WHAT YOU WILL DO
Your task is to copy the data exactly while leaving out every picture.

#### DATASET SECTION

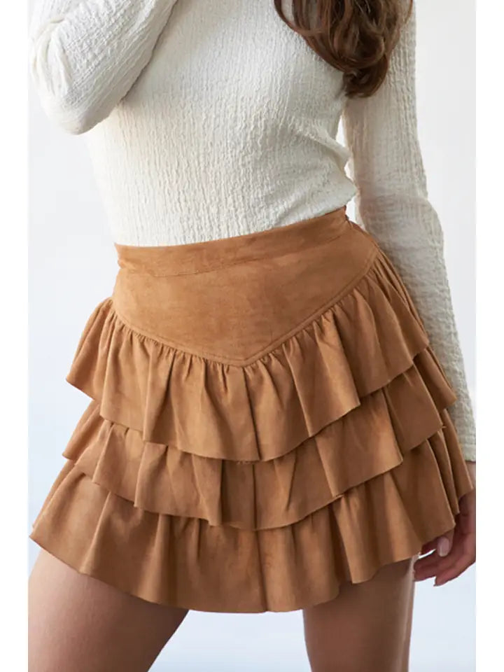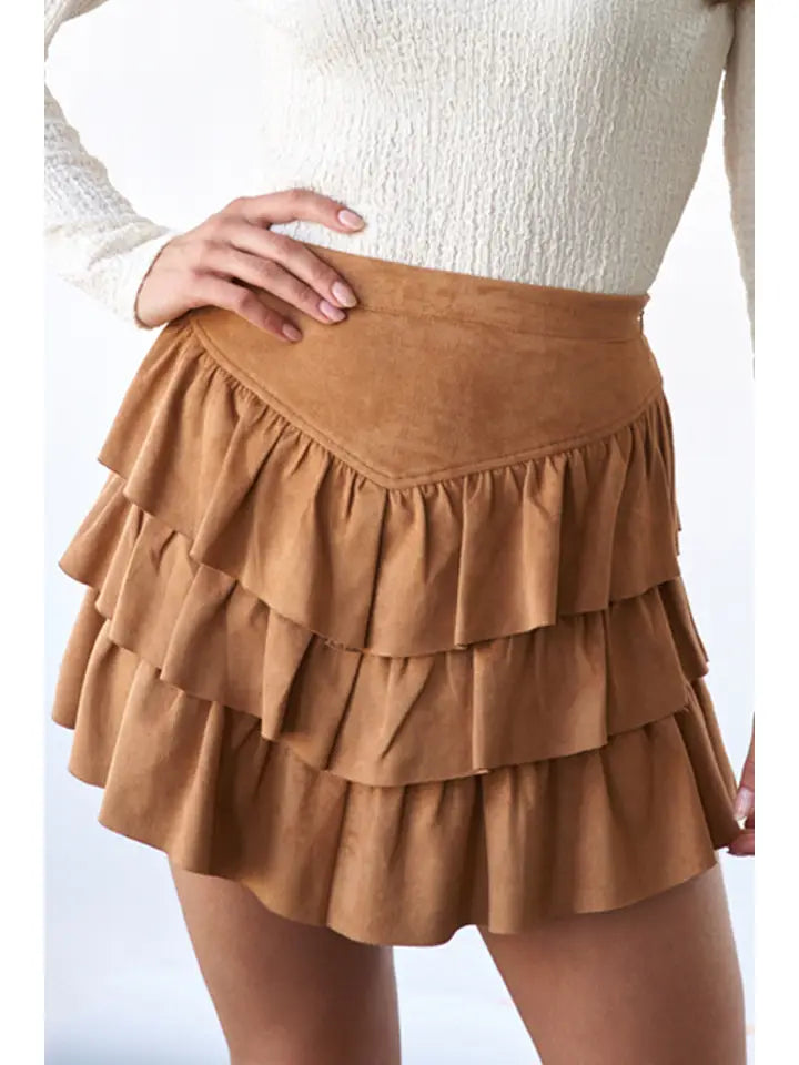 Channel warm coastal tones and effortless elegance with the Sandswept Tiered Suede Mini Skirt. Designed in a rich camel hue, this soft suede-look piece features a flattering V-shaped waistline, tiered layers for added texture and movement, and a sleek invisible side zipper for a clean finish.
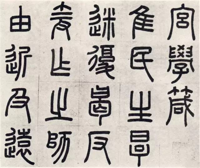 篆書有大小篆之分,其書寫的方法大致是一樣的,主要是有其文字繁簡的差別。大篆較繁,小篆較簡,其書體的結(jié)構(gòu)也就由茂密變得較為疏朗。結(jié)體上,大篆接近于甲骨文,結(jié)體錯落有致,呈自然質(zhì)樸之美。其用筆純用中鋒,用力勻平,流轉(zhuǎn)自如。小篆的結(jié)構(gòu)是以大篆演變而來,其結(jié)體較大篆更為工整齊律,呈勻稱整飾之美。其用筆不但純用中鋒,而且筆勢更為圓轉(zhuǎn)流暢,顯得樸茂端重。
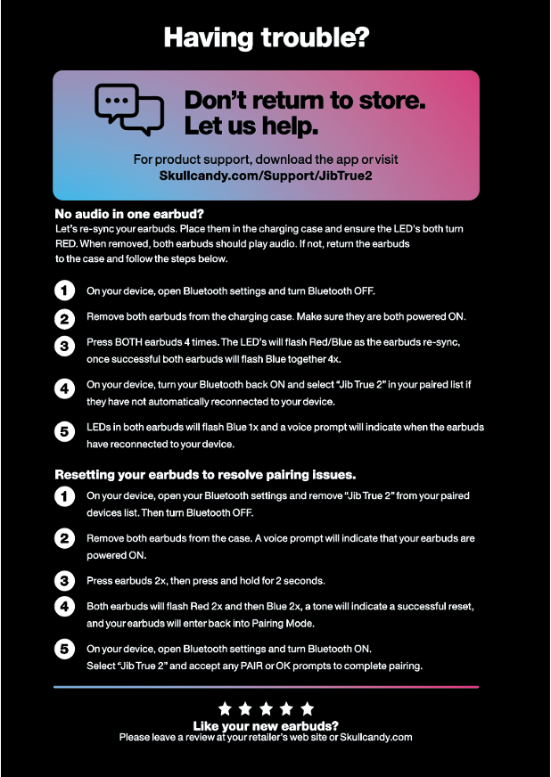 Issue: If you would like to use Jib™ True 2 with only one ear bud (Mono Mode), you’re in luck! The updated technology in Jib™ True 2 allows you to use either the left OR the right bud in Mono Mode. Once paired correctly, you will be able to switch between buds at your discretion. Although, if you’re having any challenges utilizing the Master Role Switching capabilities, you may follow these simple steps to ensure ease of use when pairing and switching between Mono and Stereo Modes.
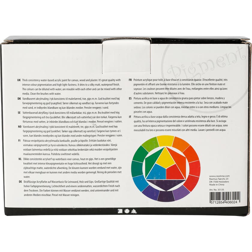 Akrylfärg Pigment 75 gram x 5. Vattenbaserad akrylfärg i tjock konsistens till målardukar, trä, gips m.m. Bra kvalitet med hög färgpigmentering och bra ljusäkthet.

########

THE ANSWER
 Channel warm coastal tones and effortless elegance with the Sandswept Tiered Suede Mini Skirt. Designed in a rich camel hue, this soft suede-look piece features a flattering V-shaped waistline, tiered layers for added texture and movement, and a sleek invisible side zipper for a clean finish.
 篆書有大小篆之分,其書寫的方法大致是一樣的,主要是有其文字繁簡的差別。大篆較繁,小篆較簡,其書體的結(jié)構(gòu)也就由茂密變得較為疏朗。結(jié)體上,大篆接近于甲骨文,結(jié)體錯落有致,呈自然質(zhì)樸之美。其用筆純用中鋒,用力勻平,流轉(zhuǎn)自如。小篆的結(jié)構(gòu)是以大篆演變而來,其結(jié)體較大篆更為工整齊律,呈勻稱整飾之美。其用筆不但純用中鋒,而且筆勢更為圓轉(zhuǎn)流暢,顯得樸茂端重。
 Issue: If you would like to use Jib™ True 2 with only one ear bud (Mono Mode), you’re in luck! The updated technology in Jib™ True 2 allows you to use either the left OR the right bud in Mono Mode. Once paired correctly, you will be able to switch between buds at your discretion. Although, if you’re having any challenges utilizing the Master Role Switching capabilities, you may follow these simple steps to ensure ease of use when pairing and switching between Mono and Stereo Modes.
 Akrylfärg Pigment 75 gram x 5. Vattenbaserad akrylfärg i tjock konsistens till målardukar, trä, gips m.m. Bra kvalitet med hög färgpigmentering och bra ljusäkthet.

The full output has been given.